As good as Clemson’s attack was before the break, the offense stalled out in the second half after the backups entered the game. After totaling 298 yards and scoring touchdowns on its first seven possessions in the first two quarters, the Tigers managed only 107 yards and three first downs while being held scoreless in the second half.

Offensive coordinator Tony Elliott was of course pleased with the performance of the starting offense but disappointed the second team didn’t execute the way he had hoped.

“Really proud of the first unit,” he said. “But coming out at halftime, the challenge was protect the quarterback, make sure we take care of the ball, make sure we score points, and unfortunately we weren’t able to hit on those goals in that second half, which will give us a great opportunity over the open week to develop our team by being able to coach the details off the tape.”

In the second half, Clemson’s offense converted only 2-of-7 third-down attempts, went 0-of-2 on fourth down and committed a turnover on a fumble by running back Michel Dukes.

With a lot of young players on the second-team offense still learning to gel together early in the season, the unit struggled to get in sync and on the same page.

“It’s just one guy here, one guy there, but it’s all 11 at the same time executing in order to be successful,” Elliott said. “So, biggest thing is, in my opinion, that we didn’t convert on third down and then we had the turnovers there that really stalled us, and then we weren’t able to get into a true rhythm.

“There’s a lot of guys playing in a lot of different spots, and it’s tough to maybe get some continuity going. But still, the expectation is, in this game right here, make sure that you go out and execute and put yourself in position to score points.”

It was the second straight week Clemson’s offense saw a steep drop-off in production once the starters left the game. In the season opener against Wake Forest, the Tigers failed to score and picked up only three first downs after Trevor Lawrence, Travis Etienne and company scored 37 points in a little less than three quarters.

One of Clemson’s goals on offense is to end every drive with a kick, and preferably not a punt, and Elliott made it clear there is a high standard for the group that is expected to be met regardless of who is in the game.

“The expectation is it doesn’t matter if we’re down an offensive lineman, if we’re down a running back – people are still going to expect Clemson to be Clemson,” Elliott said. “That’s just the mindset we’re trying to create with all these guys, especially in that second half, is that we want to come out and we want to put together drives, we want to go score points. It’s a great opportunity for us to teach, especially these young guys. That’s two games in a row where a lot of the younger guys got an opportunity to play and we still haven’t been able to finish off drives and put it in the end zone.”

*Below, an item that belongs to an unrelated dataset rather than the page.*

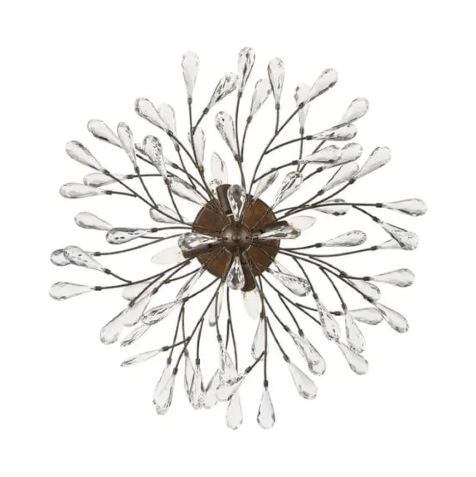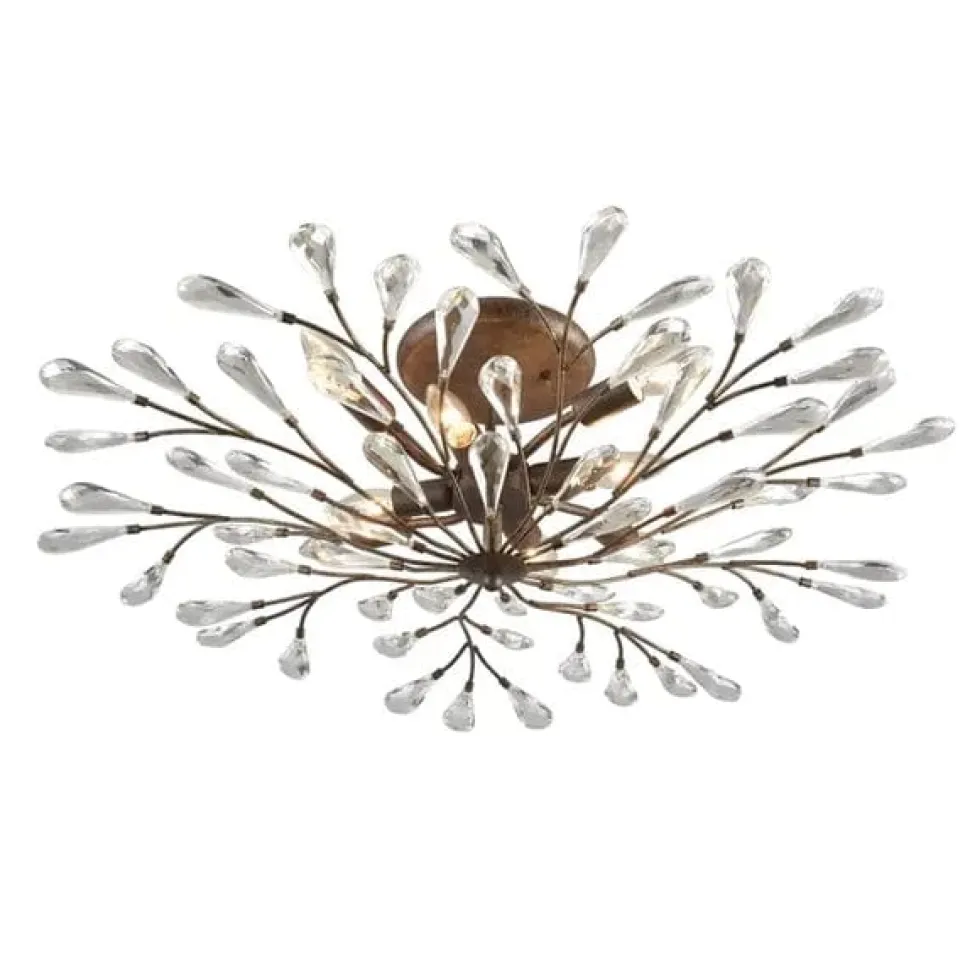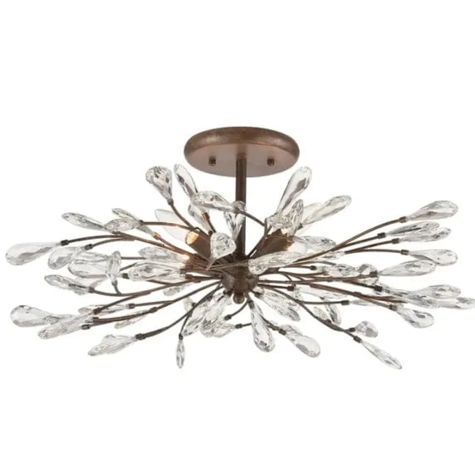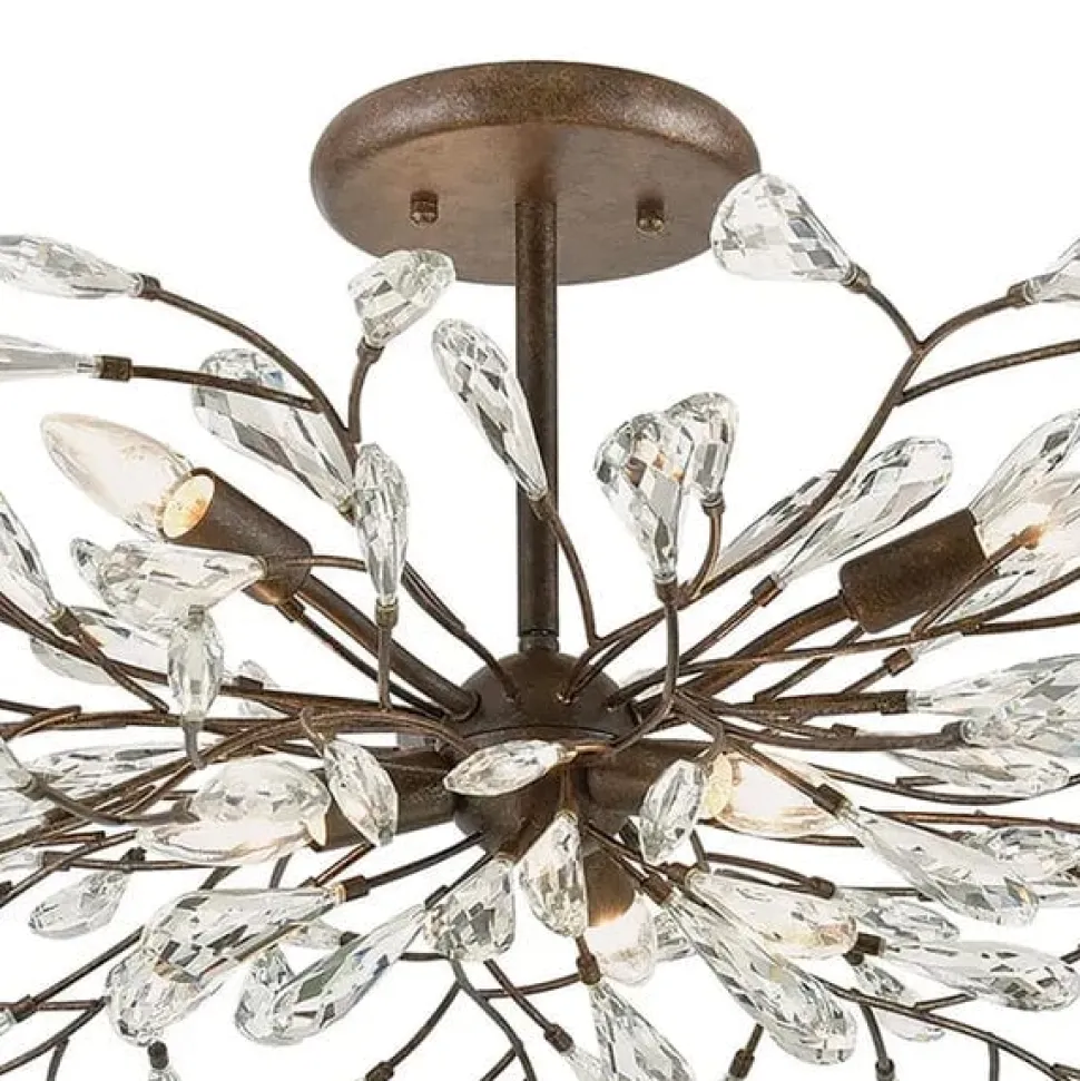 Inspired by the silhouette of a winter forest, the Crislett semi flush embraces the twists and turns of tree branches. At the ends of these branches are an abundance of substantially sized crystal “buds” which add a winter-like sparkle amidst the Sunglow Bronze finish.

With no opponent on the schedule next weekend, the Tigers hope to take advantage of the bye week to really coach up the reserves.

“The biggest thing offensively is just developing our depth, especially in that offensive line, and not turning the ball over, continuing to developing our quarterbacks, because we’ve got to have everybody ready to go,” Swinney said. “We’re very fortunate that we’ve had the opportunity in these first two games to get a lot of guys on tape. Now we have an open date and a chance to really teach and grow our team.”